PROVIDED DATA:
.....
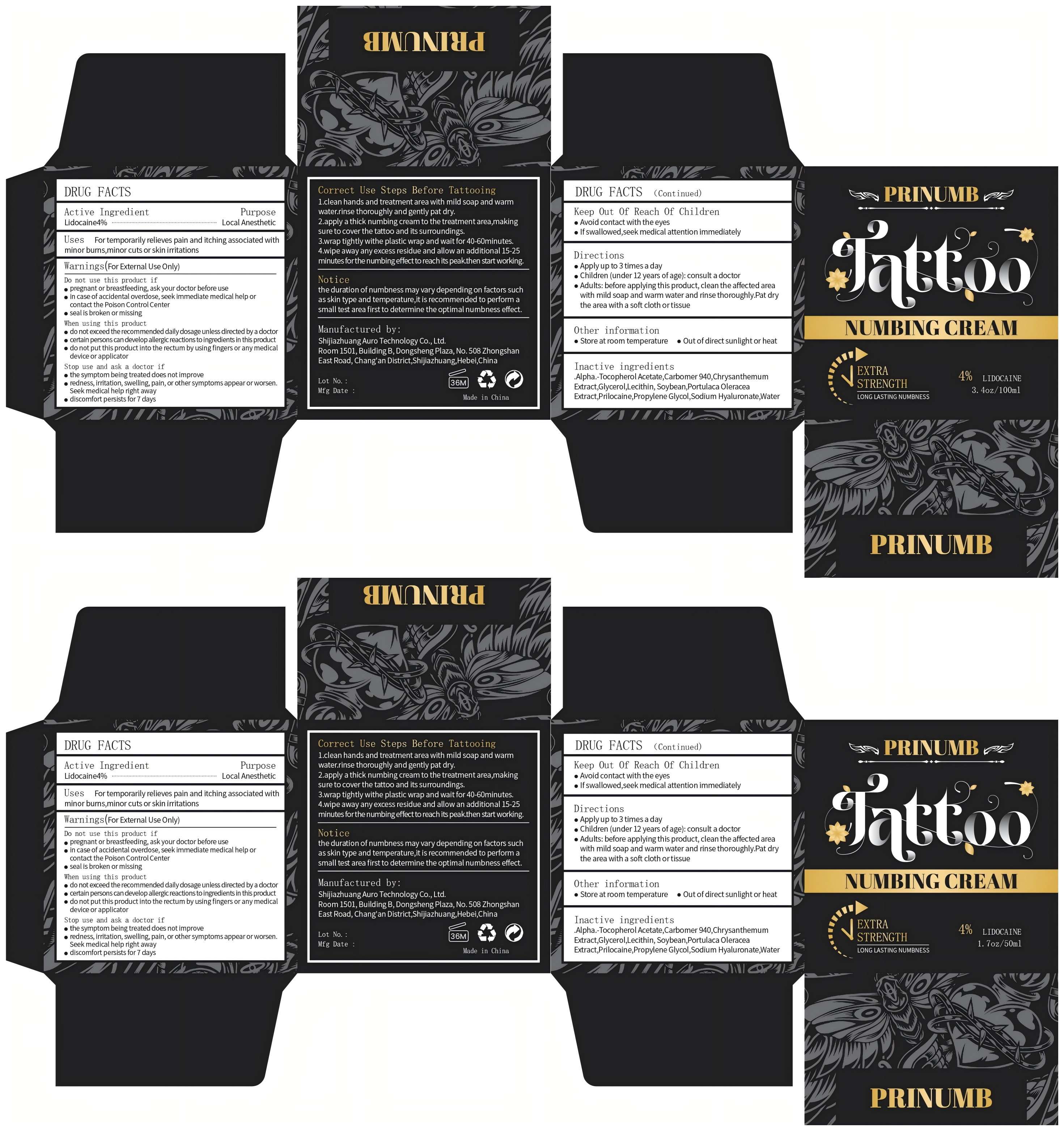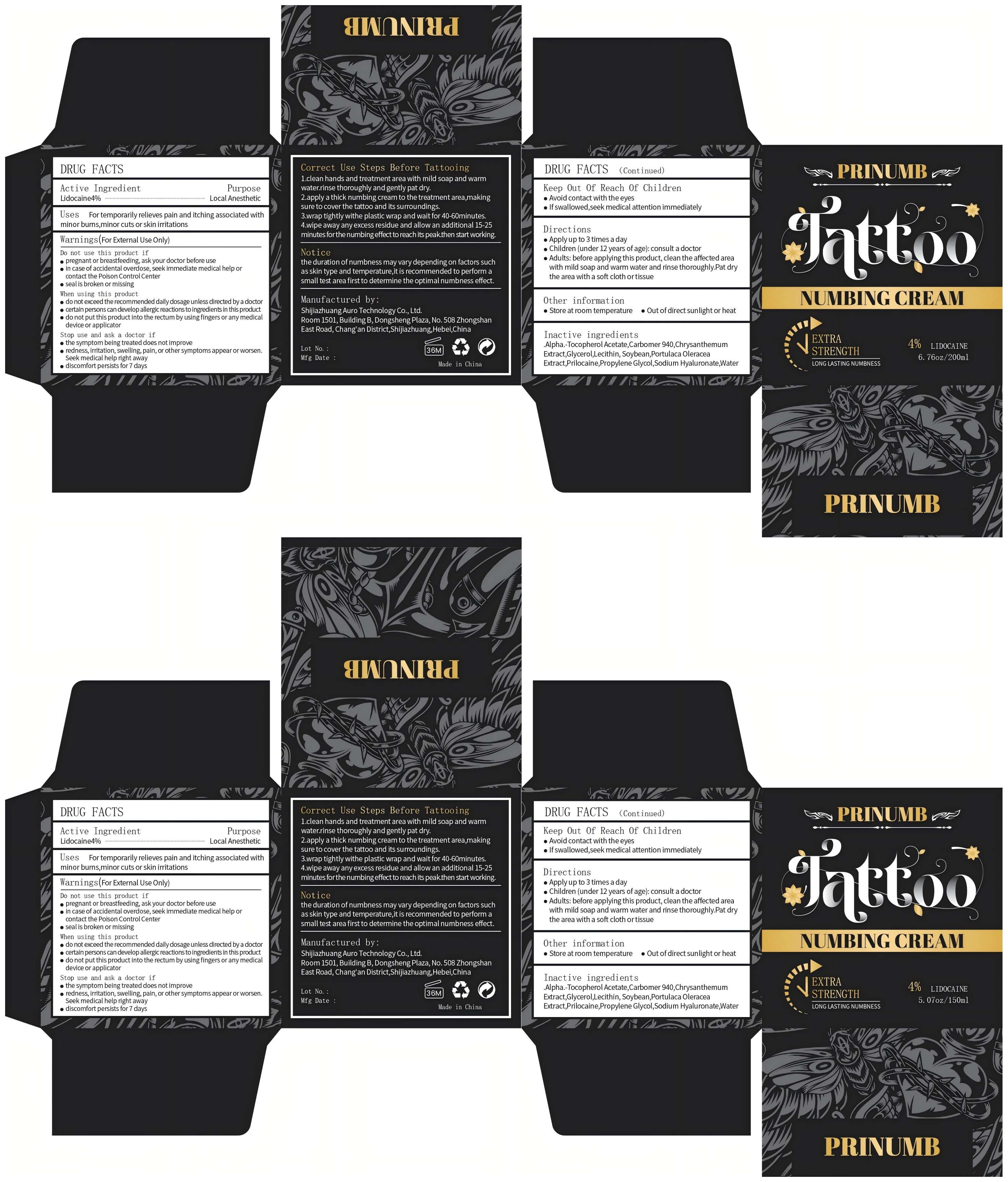 The following 4 images provide visual information about the product associated with Prinumb Tattoo Numbing Cream NDC 84555-002 by Shijiazhuang Auro Technology Co., Ltd., such as packaging, labeling, and the appearance of the drug itself. This resource could be helpful for medical professionals, pharmacists, and patients seeking to verify medication information and ensure they have the correct product.
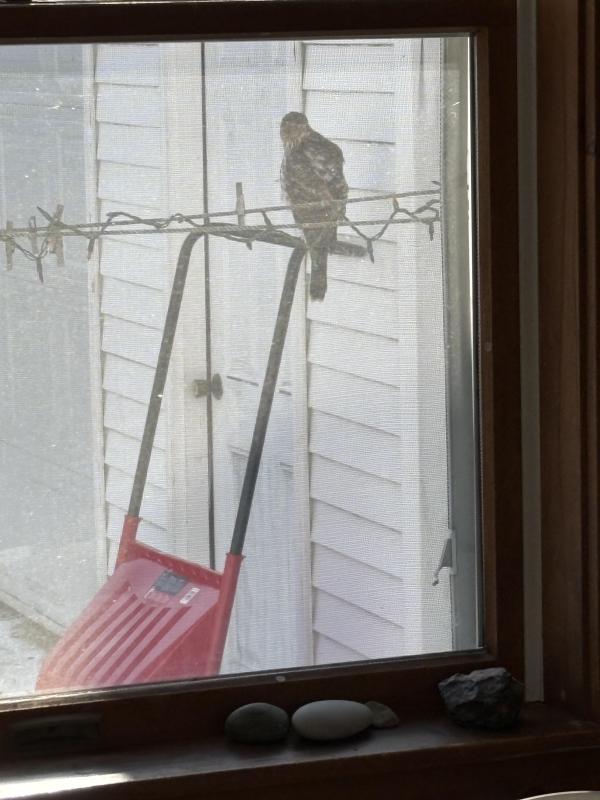 The Cooper's Hawk that has been stalking songbirds in the authors' yard. After a recent storm, it cleverly used the snow scoop handle as a temporary perch. Courtesy of Jeff Wells.
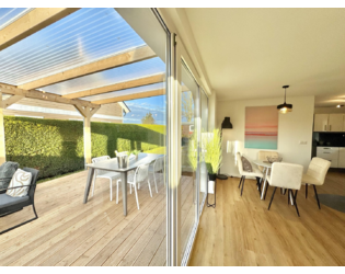 Die rund 81 m² Wohnfläche sind optimal aufgeteilt: Ein heller Wohn- und Essbereich mit großflächigen Fenstern öffnet sich direkt zur überdachten Terrasse. Die offene Küche schafft fließende Übergänge und eine moderne Wohnatmosphäre. Für gemütliche Abende sorgt ein Kamin, der Wärme und Atmosphäre verbindet.
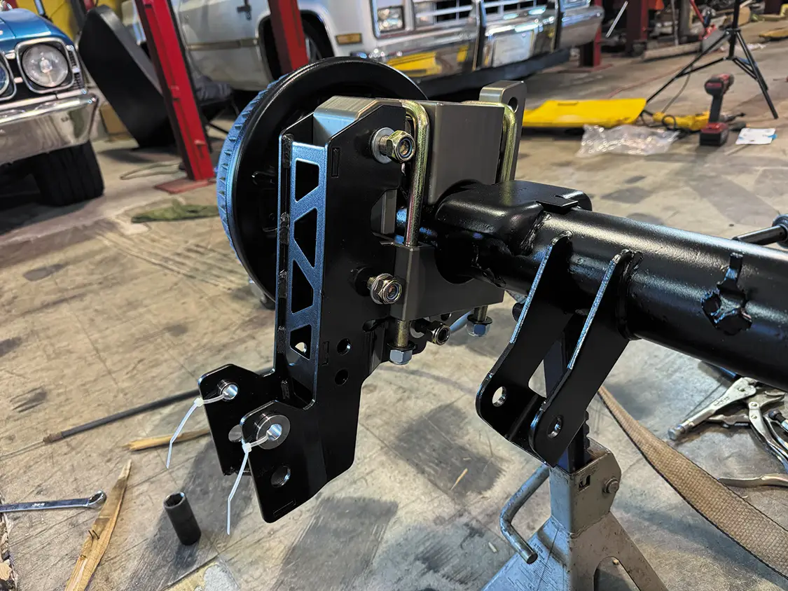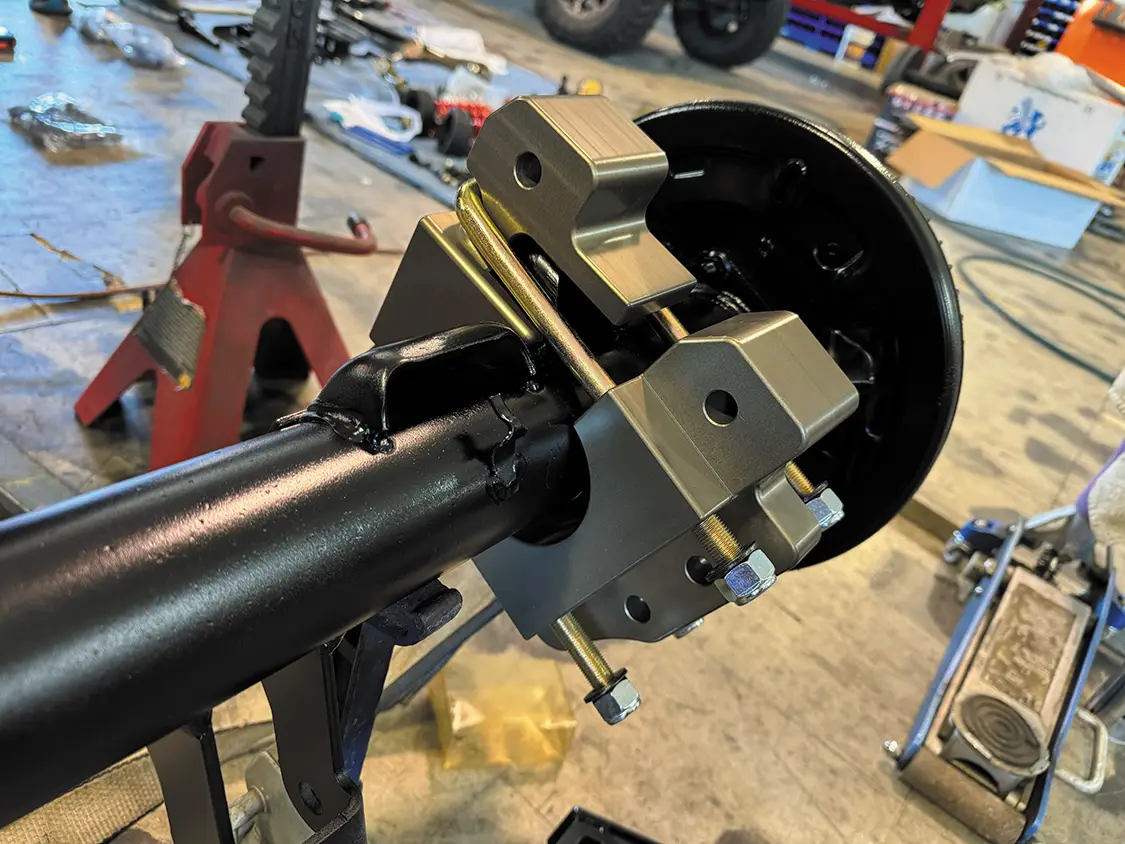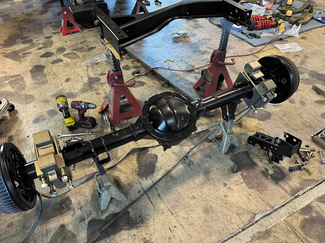 With everything in place, we tightened all the bolts and slid the axle back under the truck frame.
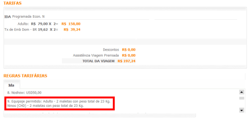 – Franquia de Bagagem
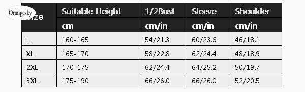 Size::3XL Suitable Height( cm )::175-190 1/2Bust(cm/in )::66/26 Sleeve(cm/in )::66/26 Shoulder(cm/in)::52/20.5
.....
ACTIVITY: Go through the lines above and write each one out verbatim, skipping the pictures.

OUTPUT OF THE EXERCISE:
 The following 4 images provide visual information about the product associated with Prinumb Tattoo Numbing Cream NDC 84555-002 by Shijiazhuang Auro Technology Co., Ltd., such as packaging, labeling, and the appearance of the drug itself. This resource could be helpful for medical professionals, pharmacists, and patients seeking to verify medication information and ensure they have the correct product.
 The Cooper's Hawk that has been stalking songbirds in the authors' yard. After a recent storm, it cleverly used the snow scoop handle as a temporary perch. Courtesy of Jeff Wells.
 Die rund 81 m² Wohnfläche sind optimal aufgeteilt: Ein heller Wohn- und Essbereich mit großflächigen Fenstern öffnet sich direkt zur überdachten Terrasse. Die offene Küche schafft fließende Übergänge und eine moderne Wohnatmosphäre. Für gemütliche Abende sorgt ein Kamin, der Wärme und Atmosphäre verbindet.
 With everything in place, we tightened all the bolts and slid the axle back under the truck frame.
 – Franquia de Bagagem
 Size::3XL Suitable Height( cm )::175-190 1/2Bust(cm/in )::66/26 Sleeve(cm/in )::66/26 Shoulder(cm/in)::52/20.5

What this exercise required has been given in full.